To do =>
From the line with "Step 19) While" to the line with "Geranium sessiliflorum 'Sanne'", retype each line exactly as it stands in the records below, but skip the pictures.

Data for review =>
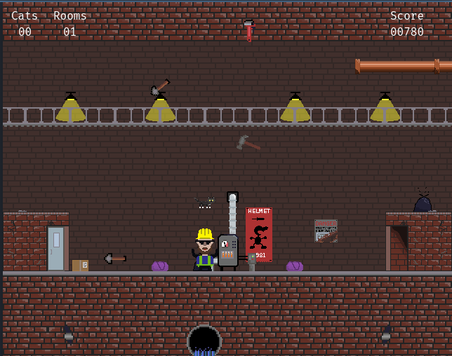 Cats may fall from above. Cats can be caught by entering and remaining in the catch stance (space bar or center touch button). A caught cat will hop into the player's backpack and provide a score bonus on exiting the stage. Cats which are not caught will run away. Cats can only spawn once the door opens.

* * *

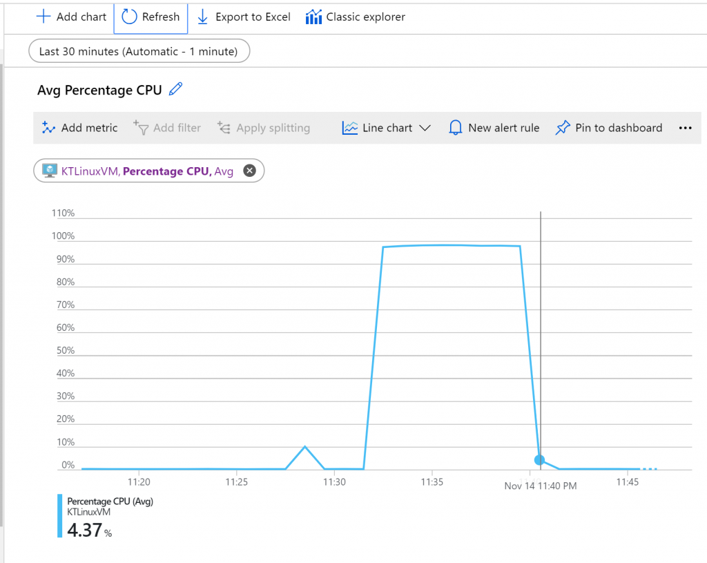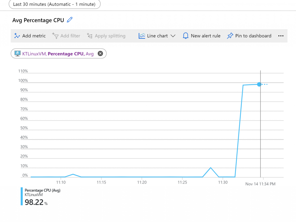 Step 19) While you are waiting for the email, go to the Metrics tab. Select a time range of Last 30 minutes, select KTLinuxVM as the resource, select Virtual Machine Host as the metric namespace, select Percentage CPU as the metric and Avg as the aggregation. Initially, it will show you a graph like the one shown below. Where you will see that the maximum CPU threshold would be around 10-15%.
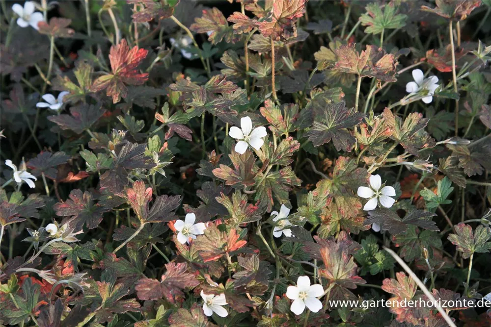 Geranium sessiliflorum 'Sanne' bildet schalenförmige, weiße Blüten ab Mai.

--

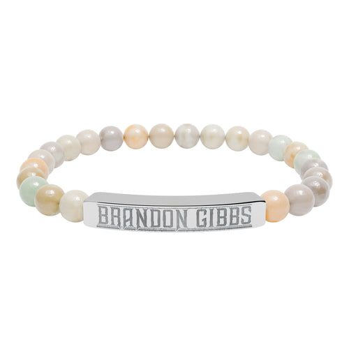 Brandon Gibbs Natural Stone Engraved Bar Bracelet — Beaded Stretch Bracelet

Answer section =>
 Step 19) While you are waiting for the email, go to the Metrics tab. Select a time range of Last 30 minutes, select KTLinuxVM as the resource, select Virtual Machine Host as the metric namespace, select Percentage CPU as the metric and Avg as the aggregation. Initially, it will show you a graph like the one shown below. Where you will see that the maximum CPU threshold would be around 10-15%.
 Geranium sessiliflorum 'Sanne' bildet schalenförmige, weiße Blüten ab Mai.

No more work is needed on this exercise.